§ Your objective
Would you transcribe each entry precisely as it stands, setting aside any images?
Extracted material Start Marker
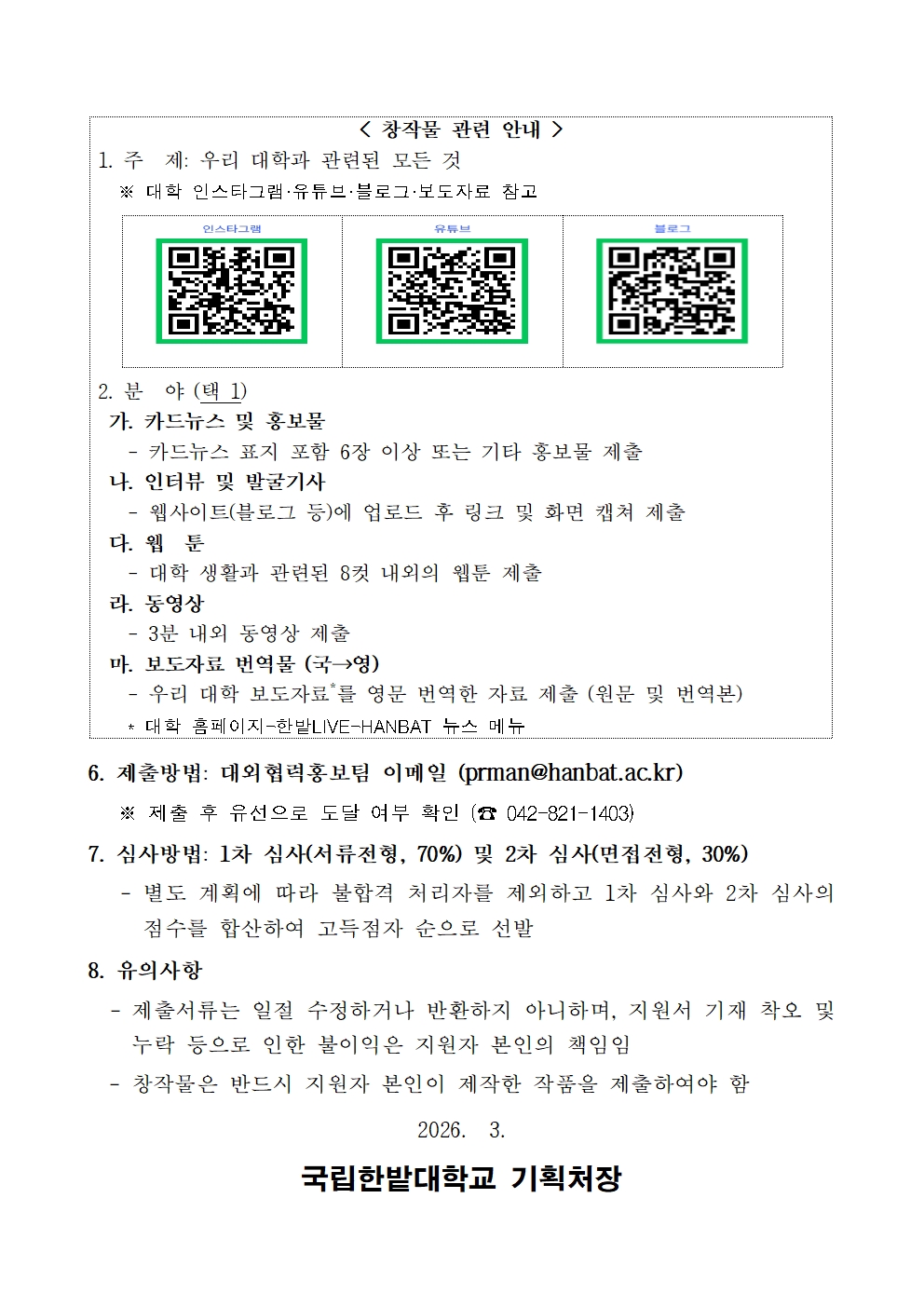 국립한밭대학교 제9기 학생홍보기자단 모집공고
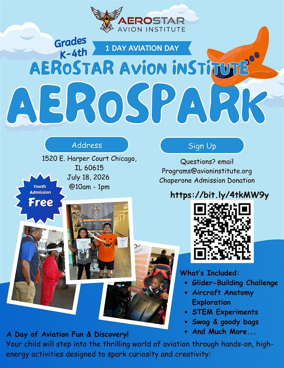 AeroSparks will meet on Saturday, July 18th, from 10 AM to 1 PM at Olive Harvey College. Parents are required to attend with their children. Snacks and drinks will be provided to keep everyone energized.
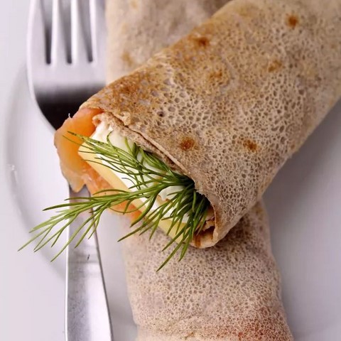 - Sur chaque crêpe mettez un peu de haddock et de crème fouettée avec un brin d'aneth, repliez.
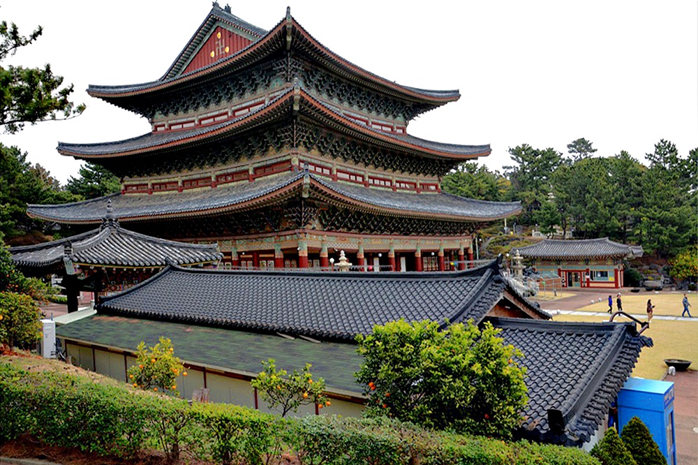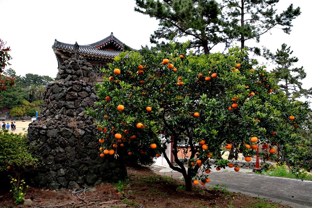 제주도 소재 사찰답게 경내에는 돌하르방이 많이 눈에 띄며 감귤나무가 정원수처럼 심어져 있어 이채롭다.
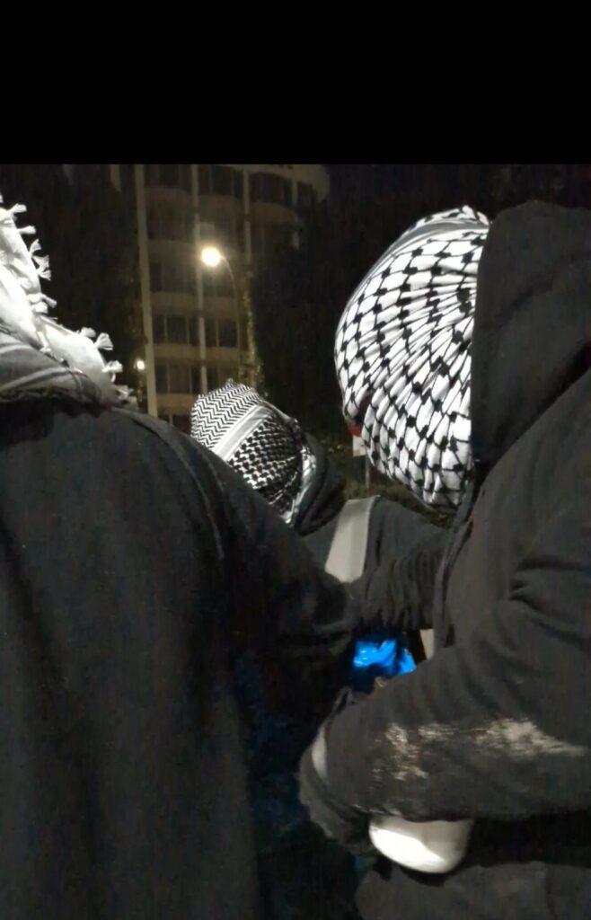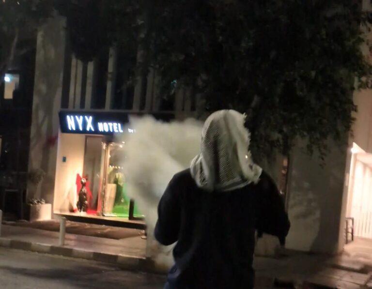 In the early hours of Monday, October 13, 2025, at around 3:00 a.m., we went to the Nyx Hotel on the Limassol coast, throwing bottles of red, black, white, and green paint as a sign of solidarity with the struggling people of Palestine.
Extracted material End Marker
§ Reply to the exercise
 국립한밭대학교 제9기 학생홍보기자단 모집공고
 AeroSparks will meet on Saturday, July 18th, from 10 AM to 1 PM at Olive Harvey College. Parents are required to attend with their children. Snacks and drinks will be provided to keep everyone energized.
 - Sur chaque crêpe mettez un peu de haddock et de crème fouettée avec un brin d'aneth, repliez.
 제주도 소재 사찰답게 경내에는 돌하르방이 많이 눈에 띄며 감귤나무가 정원수처럼 심어져 있어 이채롭다.
 In the early hours of Monday, October 13, 2025, at around 3:00 a.m., we went to the Nyx Hotel on the Limassol coast, throwing bottles of red, black, white, and green paint as a sign of solidarity with the struggling people of Palestine.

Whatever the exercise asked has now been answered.